CASE STUDY: LNAPL Removal from Fractured Rock

Using total fluid pumping to remove gasoline, kerosene, and diesel from deep within fractured sandstone.

Background

At an active bulk storage facility located on the outskirts of a town in Northern Saudi Arabia, wells installed within fractured sandstone had accumulated up to 13 m of LNAPL in the form of gasoline, kerosene, and diesel. The depth of the LNAPL, approximately 40 m below ground surface, combined with the saline groundwater, required special equipment that could withstand salt corrosion as well as overcome the pumping issues associated with small diameter wells. Furthermore, the location of the treatment system required a secure, explosion-proof, low-impact solution that could function without interfering with the facility’s daily operations.

Location: Northern Saudi Arabia

Client: Oil & Gas Company

Duration: Ongoing, 3 Years

Project Value: $350,000 CDN

Geology: Fractured Sandstone

Plume Size: Approx. 4,000 m2

Approach

IRSL and their partner earned the project via a competitive bid process against two other firms. Together, they designed, implemented, maintained, and continuously optimized a total fluids recovery system. They incorporated numerical modeling to maximize the LNAPL capture zone while minimizing smearing effects and volumes of water requiring treatment.

Total Fluid Pumping

The free-phase gasoline, kerosene, and diesel, was captured and recovered using specialized submersible pumps, which were installed to target specific water levels. Once above-ground, the LNAPL was separated from the water using a proprietary system designed specifically for the site.

Applied Technologies

To capture and recover the LNAPL, in the form of free-phase gasoline, kerosene, and diesel, IRSL and their partner used specialized submersible pumps installed within 0.1 m diameter wells. The pumps were powerful enough to accommodate the 40 mbgs depths and all components were constructed of stainless steel and carbon steel to withstand corrosion. The proprietary design aimed to enhance the density differences between the LNAPL and saline groundwater while maximizing natural attenuation processes to address the dissolved phase impacts. The above-ground systems covered a footprint of less 24 m2 and consisted entirely of explosion-proof components.

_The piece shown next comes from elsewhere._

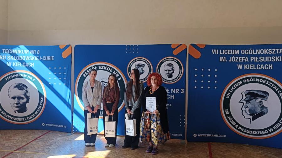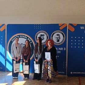 23.09.2025 odbyło się uroczyste wręczenie nagród dla uczniów biorących udział w XIII Grze Miejskiej z okazji Europejskiego Dnia Języków. Nasze uczennice ; Anna Banasik, Wiktoria Pedrycz, Lena Sowińska i Amelia Schodnik zdobyły I miejsce. Gratulujemy!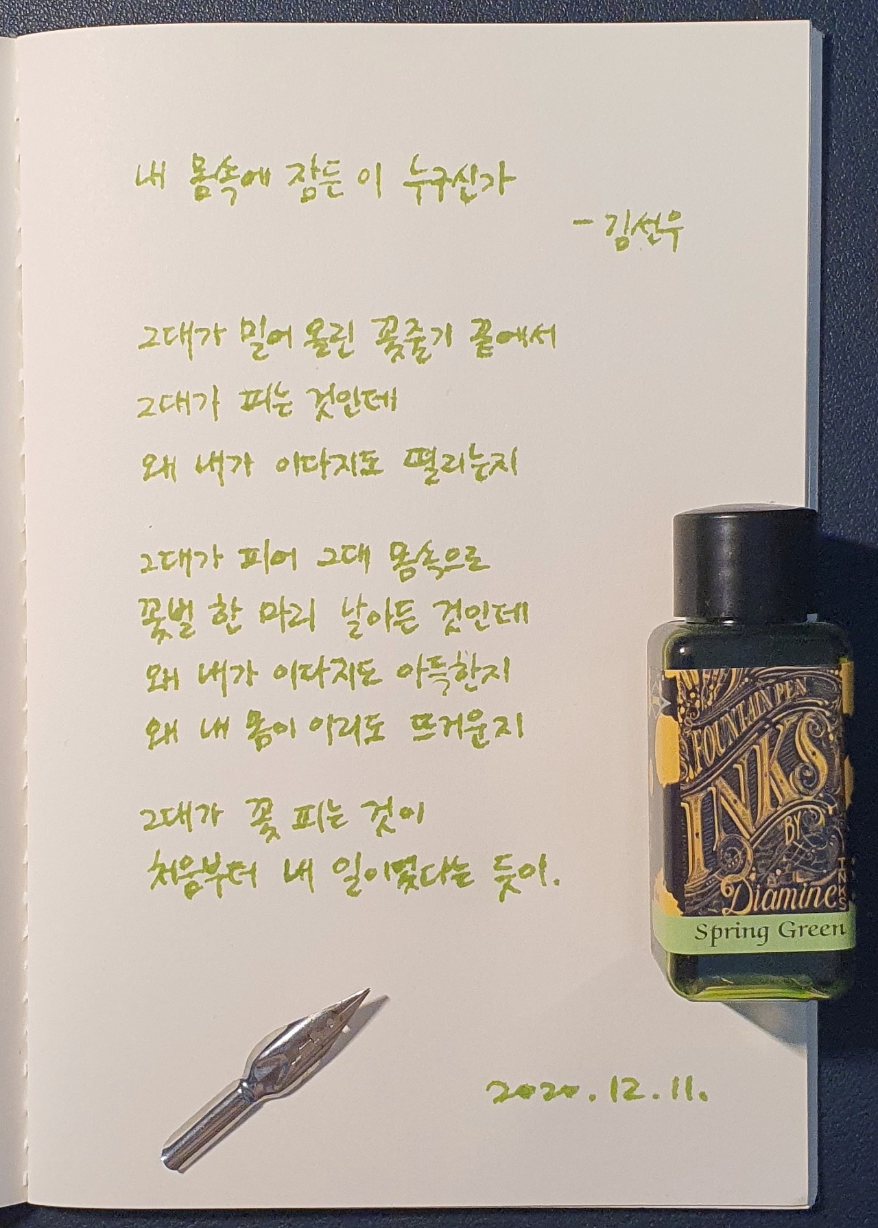 #내몸속에잠든이누구신가 #김선우 #닙펜 #딥펜 #펜글씨 #손글씨 #매일프로젝트 #이른아침을먹던여름 #thatsummerwithyou #카카오프로젝트100 #낯선대학 #시처럼시필사

Measurement & Optimization

The pumps were programmed to extract LNAPL and groundwater until they measured a specific level in fluid elevation. The team determined the measurement based on historical analysis of the water/LNAPL levels, transmissivity testing, and optimization tests. The process required ongoing adjustment to compensate for regional de-watering of the aquifer by nearby farms, which caused levels to fluctuate with an overall downward trend. However, through continuous optimization, the team maintained a recovery rate of greater than 87% LNAPL within the fluid over the recovery period.

Samples from Fractured Sandstone

Challenges

  • Considered a high-risk site from a security perspective, the facility’s rigorous health and safety regulations required working with site managers and their loss prevention department to ensure the NAPL removal system was safe, sound-and-explosion-proof, and highly secured.
  • The saline groundwater required specialized water treatment materials resistant to corrosion.
  • Water table variation required constant monitoring and adjustment to optimize LNAPL recovery.
  • The unusually deep water (approximately 40 mbgs) created monitoring and pumping challenges.

Results

  • The LNAPL plume was contained and shrinking.
  • LNAPL thickness in the monitoring wells decreased by over 95% within three months.
  • System operation and maintenance costs have decreased relative to inflation over time.